山から街から、雲のように思いつくままを綴ります

運がいいと考える

今年は前厄なのか、いろいろスムーズにいかない。

そうは言ってもこういう時はいいことを忘れて悪いことにフォーカスしているだけかもしれないし、いい時は悪いことを忘れているだけだろう。「運がいい人」というのは運がいいと思い込んでいる人なのかもしれない。

 

マイケル・サンデル『実力も運の家 能力主義は正義か?』を読む。

原題は"Tyranny of Merit"だから「功利の専制」ということになる。意訳すると「実力の横暴」。「実力主義への疑問」ということになるだろう。

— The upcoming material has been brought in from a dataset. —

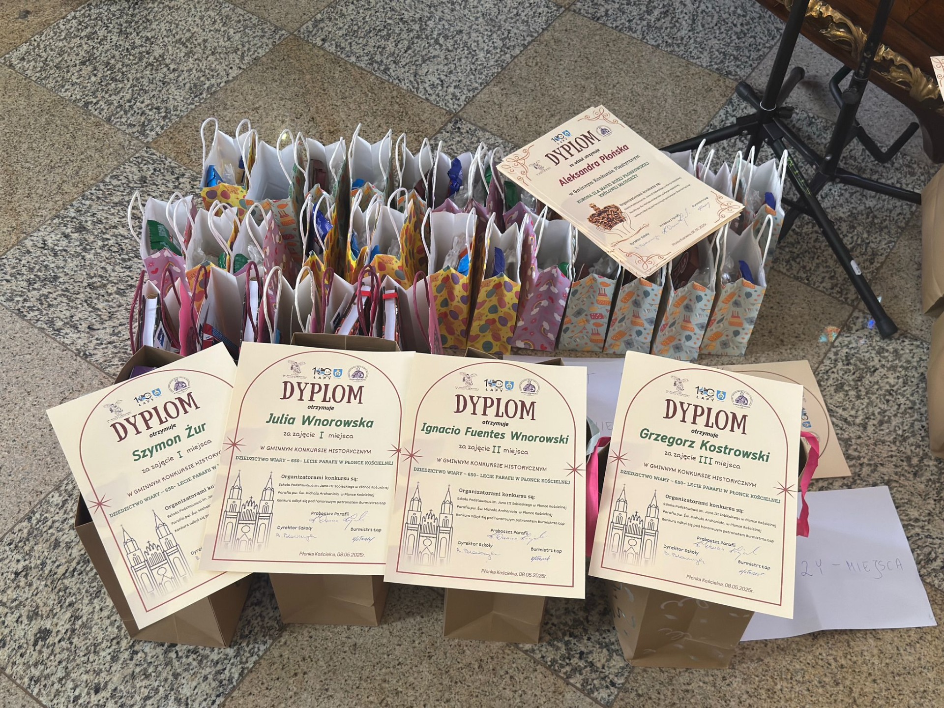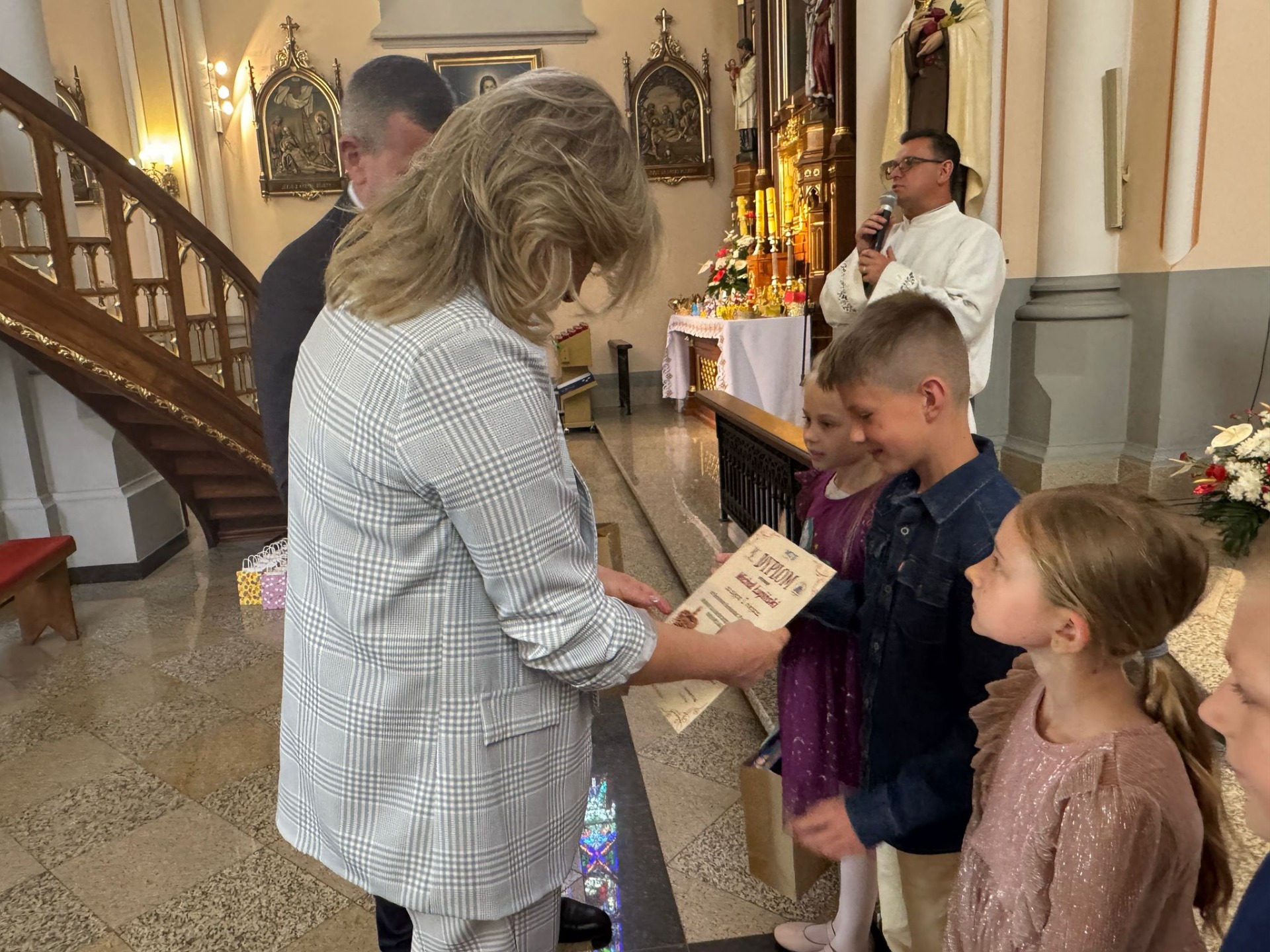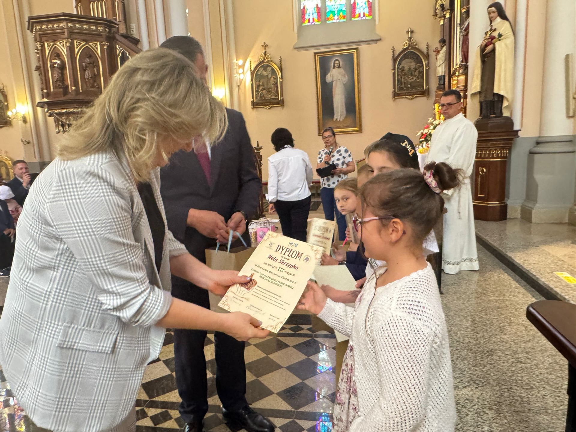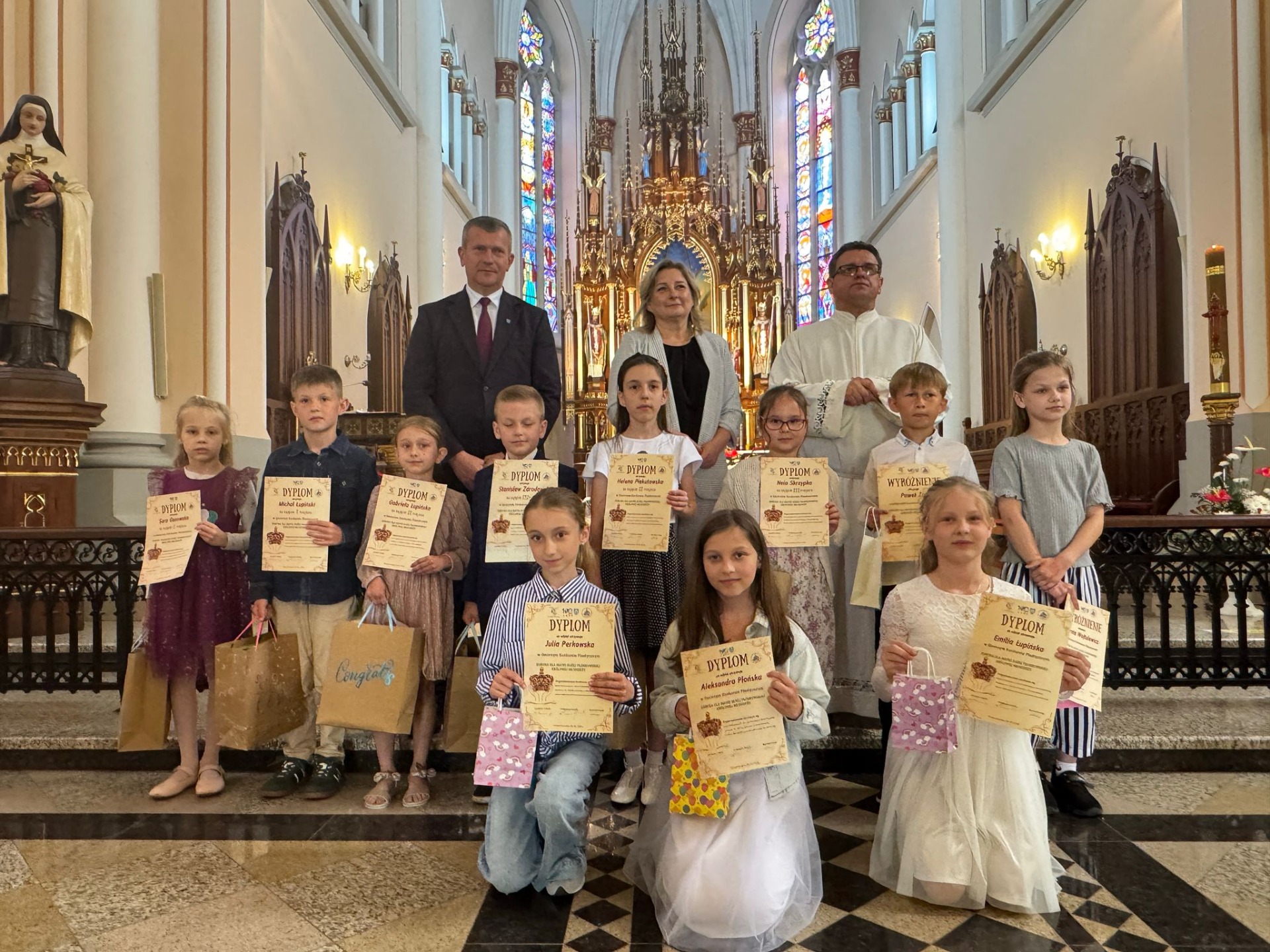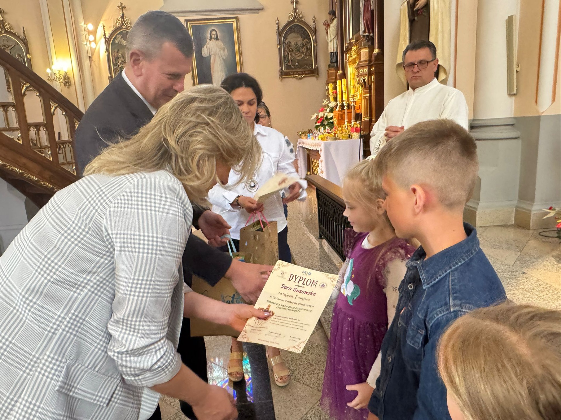 Uroczyste wręczenie nagród w konkursach zorganizowanych przez 🏫 Szkołę Podstawową i ⛪ parafię w Płonce Kościelnej pod honorowym patronatem 👨💼 Burmistrza Łap.

その前に読んだジェフリー・S・ローゼンタール『それはあくまで偶然です』が統計学的に「運」というものをユーモアを交えて書いたものであるのに対して、サンデル教授の方は「運」に対する人々の反応や見解を述べている。

面白いのが「悪いことをしたら報いを受け、善行は必ず報われる」といったことが、「成功は善行の報いである」と変換されることだ。『実力も運~』ではこの考えが能力主義の源となっているという。

つまり、成功した人はすべて自分の努力と実力で勝ち取ったものだと考えてしまうのだという。

 

まあ、どっちがいいのかわからないけど、自分は運がいいと思ってそれなりにポジティブに、それなりに謙虚に生きるのが良さそうだ。